START DATA
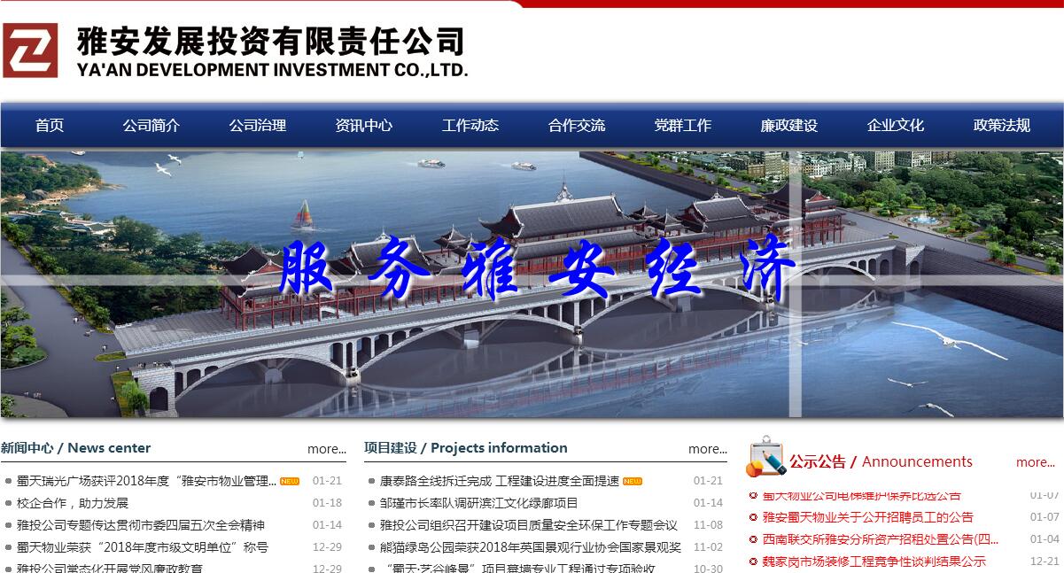 雅安發(fā)展投資有限責(zé)任公司(簡稱“雅安發(fā)展”)2008年12月28日正式掛牌成立,為雅安市屬國有獨資公司。公司注冊地址:雅安市雨城區(qū)沙灣路149號,注冊資本金:人民幣10億元,經(jīng)營范圍:市政府授權(quán)對能源、交通、土地、礦產(chǎn)、城市資源等領(lǐng)域進行投融資和經(jīng)營管理。目前,公司合并報表總資產(chǎn)263.54億元,凈資產(chǎn)166.91億元,公司主體及債項信用AA級。公司內(nèi)設(shè)董事會辦公室、黨委辦公室(黨群工作部)、辦公室、信息中心、財務(wù)部、人力資源部、審計法律事務(wù)部、投資部、融資部、項目管理部、安全環(huán)保管理部、合同造價部、資產(chǎn)管理部、資產(chǎn)運營分公司、資金運營中心、風(fēng)險控制部等16個職能部門。公司主要職能職責(zé):項目融資、項目建設(shè)管理、投資(實體經(jīng)濟、股權(quán)、資本運營)、資產(chǎn)經(jīng)營管理。公司全資設(shè)立雅安市國有資產(chǎn)經(jīng)營有限責(zé)任公司、雅安蜀天房地產(chǎn)開發(fā)有限公司、雅安蜀天商貿(mào)有限責(zé)任公司、雅安蜀天建設(shè)有限公司、雅安蜀天物業(yè)管理有限公司、雅安蜀天物流有限責(zé)任公司、蜀天·麗雅查爾頓酒店等7個子(分)公司。公司控(參)股投資蒙頂山茶交所、雅安商業(yè)銀行、雅電集團公司、雅安農(nóng)商銀行、深圳前海酒交中心、深圳前海跨境電商、蜀天旅游發(fā)展、蒙頂山茶業(yè)公司、華能電力公司、勝利電力公司、雨潤電力公司、利源電力公司、新世紀(jì)廣電網(wǎng)絡(luò)公司等17個公司。與公司緊密合作經(jīng)營單位1個:西南聯(lián)合產(chǎn)權(quán)交易所雅安分所。目前,公司集團化發(fā)展優(yōu)勢明顯,投資和經(jīng)營業(yè)務(wù)領(lǐng)域?qū)拸V,發(fā)展?jié)摿?、后勁十足。目前,雅投公司集團(含8個全資及控股子公司)共有:博士2人,研究生學(xué)歷51人,本科學(xué)歷225人,??茖W(xué)歷99人,中專及以下學(xué)歷11人;具有高級專業(yè)技術(shù)職稱15人(高級工程師6人,高級會計師2人,高級統(tǒng)計師1人,一級建造師6人),中級專業(yè)技術(shù)職稱76人,初級專業(yè)技術(shù)職稱60人。擁有:一級建造師6人、二級建造師18人、中級會計6人、注冊審計師1人、注冊監(jiān)理工程師2人、注冊安全工程師1人、注冊造價工程師1人、注冊資產(chǎn)評估師1人、注冊資產(chǎn)管理師1人、注冊咨詢師1人、企業(yè)法律顧問2人、律師2人。雅安發(fā)展自“十一五”時期成立,經(jīng)過“十二五”時期發(fā)展,公司資產(chǎn)規(guī)模快速增大,投融資和工程建設(shè)管理均取得矚目的成績,已累計完成各類融資近110億元,已建成并交付使用項目60個,旅游地產(chǎn)開發(fā)、茶交所經(jīng)營等實體經(jīng)濟和資本運營發(fā)展取得創(chuàng)新突破。目前,公司正沿著公司制定的三個三年發(fā)展戰(zhàn)略規(guī)劃,推進各項改革,加快轉(zhuǎn)型發(fā)展。
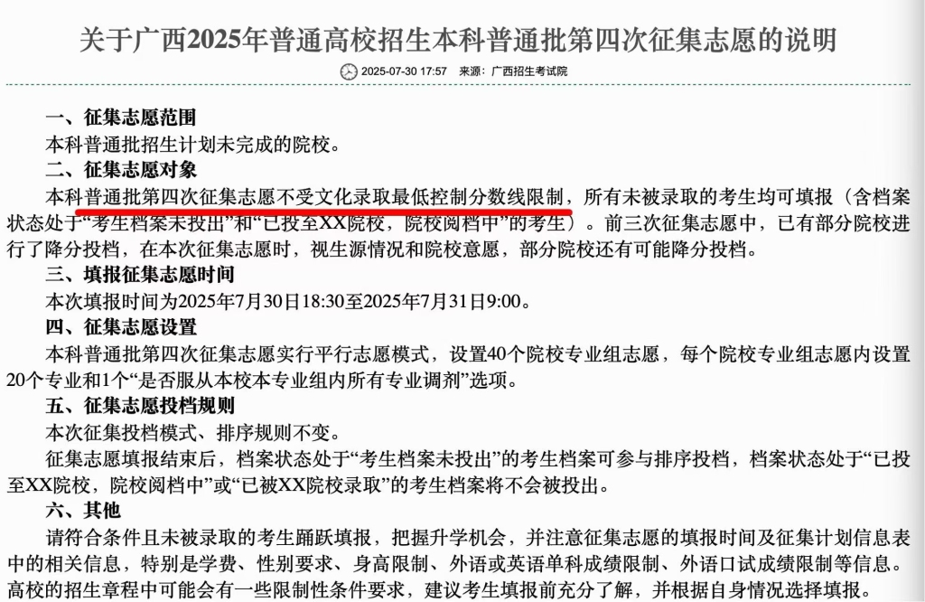 7月30日,广西教育考试院发布消息称,将开始2025年普通高校招生本科第四次征集志愿,且不受文化录取最低控制线限制。同日,黑龙江也发布了2025年普通高校招生普通本科第四次征集志愿通知。
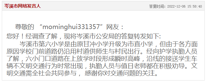 學(xué)校門(mén)前路段,交通狀況大多擁擠,上學(xué)錯(cuò)峰還好;一到放學(xué)時(shí)間,眾多家長(zhǎng)集中在同一時(shí)間接送學(xué)生,如果再碰上傍晚下班高峰期,其他車(chē)輛穿行其中,擁堵可想而知。為此, 上月有網(wǎng)友問(wèn)政:岑溪六小路口狹小路段兩邊??啃≤?chē),嚴(yán)重影響學(xué)生放學(xué)出行,希望相關(guān)部門(mén)及時(shí)處理。
END DATA
## [WHAT IS EXPECTED]
Print only the lines from the first line of the data above through the one containing "7月30日,广西教育考试院发", exactly as they are, with pictures omitted.

## [ANSWER FOR THIS EXERCISE]
 雅安發(fā)展投資有限責(zé)任公司(簡稱“雅安發(fā)展”)2008年12月28日正式掛牌成立,為雅安市屬國有獨資公司。公司注冊地址:雅安市雨城區(qū)沙灣路149號,注冊資本金:人民幣10億元,經(jīng)營范圍:市政府授權(quán)對能源、交通、土地、礦產(chǎn)、城市資源等領(lǐng)域進行投融資和經(jīng)營管理。目前,公司合并報表總資產(chǎn)263.54億元,凈資產(chǎn)166.91億元,公司主體及債項信用AA級。公司內(nèi)設(shè)董事會辦公室、黨委辦公室(黨群工作部)、辦公室、信息中心、財務(wù)部、人力資源部、審計法律事務(wù)部、投資部、融資部、項目管理部、安全環(huán)保管理部、合同造價部、資產(chǎn)管理部、資產(chǎn)運營分公司、資金運營中心、風(fēng)險控制部等16個職能部門。公司主要職能職責(zé):項目融資、項目建設(shè)管理、投資(實體經(jīng)濟、股權(quán)、資本運營)、資產(chǎn)經(jīng)營管理。公司全資設(shè)立雅安市國有資產(chǎn)經(jīng)營有限責(zé)任公司、雅安蜀天房地產(chǎn)開發(fā)有限公司、雅安蜀天商貿(mào)有限責(zé)任公司、雅安蜀天建設(shè)有限公司、雅安蜀天物業(yè)管理有限公司、雅安蜀天物流有限責(zé)任公司、蜀天·麗雅查爾頓酒店等7個子(分)公司。公司控(參)股投資蒙頂山茶交所、雅安商業(yè)銀行、雅電集團公司、雅安農(nóng)商銀行、深圳前海酒交中心、深圳前海跨境電商、蜀天旅游發(fā)展、蒙頂山茶業(yè)公司、華能電力公司、勝利電力公司、雨潤電力公司、利源電力公司、新世紀(jì)廣電網(wǎng)絡(luò)公司等17個公司。與公司緊密合作經(jīng)營單位1個:西南聯(lián)合產(chǎn)權(quán)交易所雅安分所。目前,公司集團化發(fā)展優(yōu)勢明顯,投資和經(jīng)營業(yè)務(wù)領(lǐng)域?qū)拸V,發(fā)展?jié)摿?、后勁十足。目前,雅投公司集團(含8個全資及控股子公司)共有:博士2人,研究生學(xué)歷51人,本科學(xué)歷225人,??茖W(xué)歷99人,中專及以下學(xué)歷11人;具有高級專業(yè)技術(shù)職稱15人(高級工程師6人,高級會計師2人,高級統(tǒng)計師1人,一級建造師6人),中級專業(yè)技術(shù)職稱76人,初級專業(yè)技術(shù)職稱60人。擁有:一級建造師6人、二級建造師18人、中級會計6人、注冊審計師1人、注冊監(jiān)理工程師2人、注冊安全工程師1人、注冊造價工程師1人、注冊資產(chǎn)評估師1人、注冊資產(chǎn)管理師1人、注冊咨詢師1人、企業(yè)法律顧問2人、律師2人。雅安發(fā)展自“十一五”時期成立,經(jīng)過“十二五”時期發(fā)展,公司資產(chǎn)規(guī)模快速增大,投融資和工程建設(shè)管理均取得矚目的成績,已累計完成各類融資近110億元,已建成并交付使用項目60個,旅游地產(chǎn)開發(fā)、茶交所經(jīng)營等實體經(jīng)濟和資本運營發(fā)展取得創(chuàng)新突破。目前,公司正沿著公司制定的三個三年發(fā)展戰(zhàn)略規(guī)劃,推進各項改革,加快轉(zhuǎn)型發(fā)展。
 7月30日,广西教育考试院发布消息称,将开始2025年普通高校招生本科第四次征集志愿,且不受文化录取最低控制线限制。同日,黑龙江也发布了2025年普通高校招生普通本科第四次征集志愿通知。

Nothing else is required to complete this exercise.